[REQUIRED WORK]
Records follow. Print exactly the lines from the one that has "Sh. Rajeev Shukla Central Minister" through the one that has "MANIZALES, (Foto Sarmiento", inclusive, and omit the pictures.

[DATASET]

────

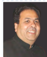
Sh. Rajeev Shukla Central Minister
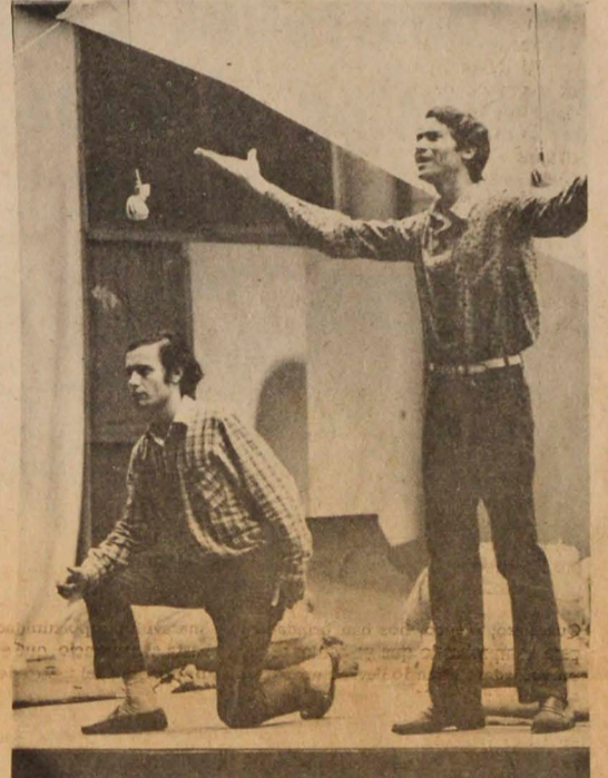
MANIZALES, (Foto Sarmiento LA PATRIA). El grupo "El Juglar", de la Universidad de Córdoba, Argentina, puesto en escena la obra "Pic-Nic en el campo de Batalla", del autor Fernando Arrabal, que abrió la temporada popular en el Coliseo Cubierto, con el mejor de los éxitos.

────

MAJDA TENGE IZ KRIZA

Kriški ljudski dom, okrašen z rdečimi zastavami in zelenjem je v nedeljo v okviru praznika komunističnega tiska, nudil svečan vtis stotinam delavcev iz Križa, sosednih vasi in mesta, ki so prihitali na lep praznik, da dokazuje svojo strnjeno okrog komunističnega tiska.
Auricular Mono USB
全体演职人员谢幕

────

[SOLUTION]
Sh. Rajeev Shukla Central Minister
MANIZALES, (Foto Sarmiento LA PATRIA). El grupo "El Juglar", de la Universidad de Córdoba, Argentina, puesto en escena la obra "Pic-Nic en el campo de Batalla", del autor Fernando Arrabal, que abrió la temporada popular en el Coliseo Cubierto, con el mejor de los éxitos.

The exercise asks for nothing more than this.